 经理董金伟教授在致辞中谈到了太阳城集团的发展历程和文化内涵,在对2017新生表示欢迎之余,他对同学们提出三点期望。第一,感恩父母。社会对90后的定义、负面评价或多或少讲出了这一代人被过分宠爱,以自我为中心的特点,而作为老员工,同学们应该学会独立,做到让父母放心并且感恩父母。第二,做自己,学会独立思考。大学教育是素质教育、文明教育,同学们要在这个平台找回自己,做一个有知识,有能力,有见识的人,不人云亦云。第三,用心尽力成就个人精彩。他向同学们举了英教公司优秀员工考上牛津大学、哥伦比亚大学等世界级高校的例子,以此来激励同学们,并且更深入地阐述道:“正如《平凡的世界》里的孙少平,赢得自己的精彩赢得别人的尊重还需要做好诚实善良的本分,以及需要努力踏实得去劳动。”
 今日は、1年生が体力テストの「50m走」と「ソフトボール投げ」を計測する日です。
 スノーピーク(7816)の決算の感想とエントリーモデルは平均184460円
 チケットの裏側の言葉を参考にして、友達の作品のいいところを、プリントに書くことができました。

---

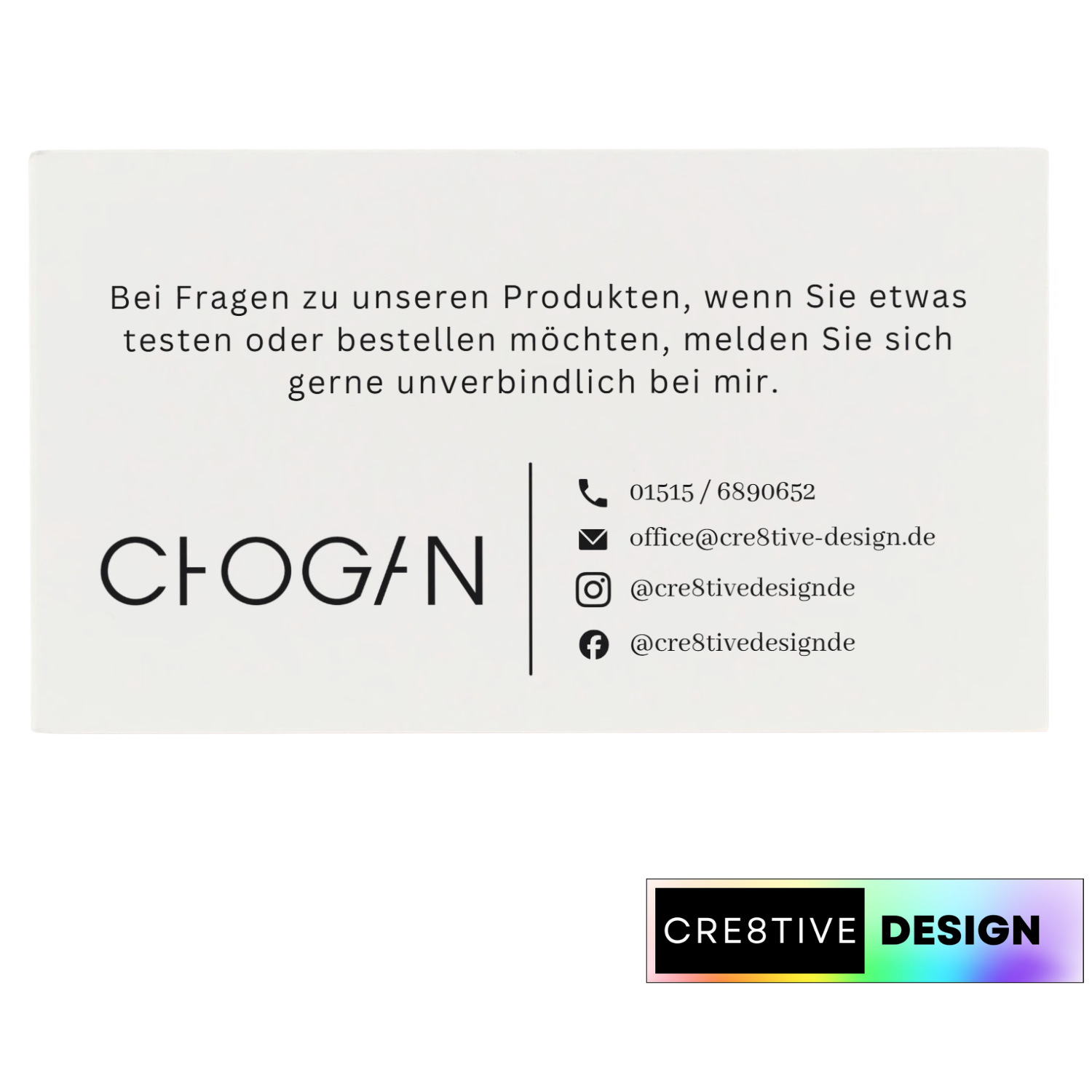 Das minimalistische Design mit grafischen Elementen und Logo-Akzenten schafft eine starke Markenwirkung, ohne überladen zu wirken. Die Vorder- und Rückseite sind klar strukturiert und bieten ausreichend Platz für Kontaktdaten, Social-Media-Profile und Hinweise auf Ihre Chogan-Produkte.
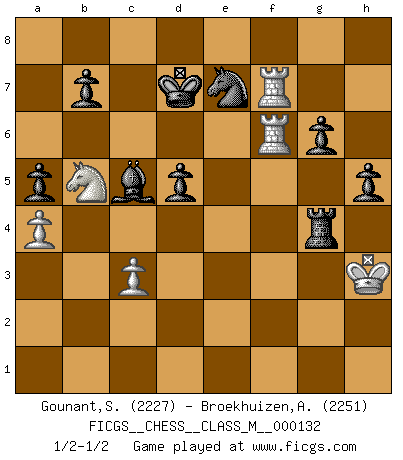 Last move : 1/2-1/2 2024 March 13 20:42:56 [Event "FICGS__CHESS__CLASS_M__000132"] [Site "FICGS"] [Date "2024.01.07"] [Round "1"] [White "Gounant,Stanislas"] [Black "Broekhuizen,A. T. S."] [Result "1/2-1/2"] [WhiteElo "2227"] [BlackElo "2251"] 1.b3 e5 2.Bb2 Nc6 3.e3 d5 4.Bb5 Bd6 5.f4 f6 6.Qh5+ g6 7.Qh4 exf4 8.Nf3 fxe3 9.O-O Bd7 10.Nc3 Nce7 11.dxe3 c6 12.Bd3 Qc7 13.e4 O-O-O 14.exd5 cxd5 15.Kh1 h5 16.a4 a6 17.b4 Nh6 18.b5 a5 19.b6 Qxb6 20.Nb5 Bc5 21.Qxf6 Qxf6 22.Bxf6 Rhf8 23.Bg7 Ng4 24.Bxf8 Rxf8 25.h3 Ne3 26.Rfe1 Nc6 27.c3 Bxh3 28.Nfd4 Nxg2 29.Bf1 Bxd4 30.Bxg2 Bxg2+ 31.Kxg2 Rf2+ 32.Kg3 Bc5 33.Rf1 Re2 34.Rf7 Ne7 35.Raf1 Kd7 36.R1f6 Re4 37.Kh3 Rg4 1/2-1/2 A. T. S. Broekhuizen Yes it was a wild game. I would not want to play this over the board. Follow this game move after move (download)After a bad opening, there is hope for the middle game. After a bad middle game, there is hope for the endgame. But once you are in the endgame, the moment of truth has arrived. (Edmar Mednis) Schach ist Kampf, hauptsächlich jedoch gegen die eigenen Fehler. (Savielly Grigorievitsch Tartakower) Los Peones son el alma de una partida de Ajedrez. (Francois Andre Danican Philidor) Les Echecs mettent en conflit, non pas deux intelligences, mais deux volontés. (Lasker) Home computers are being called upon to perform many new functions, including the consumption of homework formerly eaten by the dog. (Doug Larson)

* * *

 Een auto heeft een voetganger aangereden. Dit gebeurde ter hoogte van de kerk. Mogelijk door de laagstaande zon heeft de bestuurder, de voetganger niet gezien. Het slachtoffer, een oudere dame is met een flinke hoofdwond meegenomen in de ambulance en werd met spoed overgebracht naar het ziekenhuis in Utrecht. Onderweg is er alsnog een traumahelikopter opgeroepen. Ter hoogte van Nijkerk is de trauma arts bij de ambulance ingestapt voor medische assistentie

> _What to work on_
Starting from the line with "Das minimalistische Design" in the records above, repeat each line exactly until you have written the line with "Last move : 1/2-1/2", then stop; drop the pictures.

> _Task response_
 Das minimalistische Design mit grafischen Elementen und Logo-Akzenten schafft eine starke Markenwirkung, ohne überladen zu wirken. Die Vorder- und Rückseite sind klar strukturiert und bieten ausreichend Platz für Kontaktdaten, Social-Media-Profile und Hinweise auf Ihre Chogan-Produkte.
 Last move : 1/2-1/2 2024 March 13 20:42:56 [Event "FICGS__CHESS__CLASS_M__000132"] [Site "FICGS"] [Date "2024.01.07"] [Round "1"] [White "Gounant,Stanislas"] [Black "Broekhuizen,A. T. S."] [Result "1/2-1/2"] [WhiteElo "2227"] [BlackElo "2251"] 1.b3 e5 2.Bb2 Nc6 3.e3 d5 4.Bb5 Bd6 5.f4 f6 6.Qh5+ g6 7.Qh4 exf4 8.Nf3 fxe3 9.O-O Bd7 10.Nc3 Nce7 11.dxe3 c6 12.Bd3 Qc7 13.e4 O-O-O 14.exd5 cxd5 15.Kh1 h5 16.a4 a6 17.b4 Nh6 18.b5 a5 19.b6 Qxb6 20.Nb5 Bc5 21.Qxf6 Qxf6 22.Bxf6 Rhf8 23.Bg7 Ng4 24.Bxf8 Rxf8 25.h3 Ne3 26.Rfe1 Nc6 27.c3 Bxh3 28.Nfd4 Nxg2 29.Bf1 Bxd4 30.Bxg2 Bxg2+ 31.Kxg2 Rf2+ 32.Kg3 Bc5 33.Rf1 Re2 34.Rf7 Ne7 35.Raf1 Kd7 36.R1f6 Re4 37.Kh3 Rg4 1/2-1/2 A. T. S. Broekhuizen Yes it was a wild game. I would not want to play this over the board. Follow this game move after move (download)After a bad opening, there is hope for the middle game. After a bad middle game, there is hope for the endgame. But once you are in the endgame, the moment of truth has arrived. (Edmar Mednis) Schach ist Kampf, hauptsächlich jedoch gegen die eigenen Fehler. (Savielly Grigorievitsch Tartakower) Los Peones son el alma de una partida de Ajedrez. (Francois Andre Danican Philidor) Les Echecs mettent en conflit, non pas deux intelligences, mais deux volontés. (Lasker) Home computers are being called upon to perform many new functions, including the consumption of homework formerly eaten by the dog. (Doug Larson)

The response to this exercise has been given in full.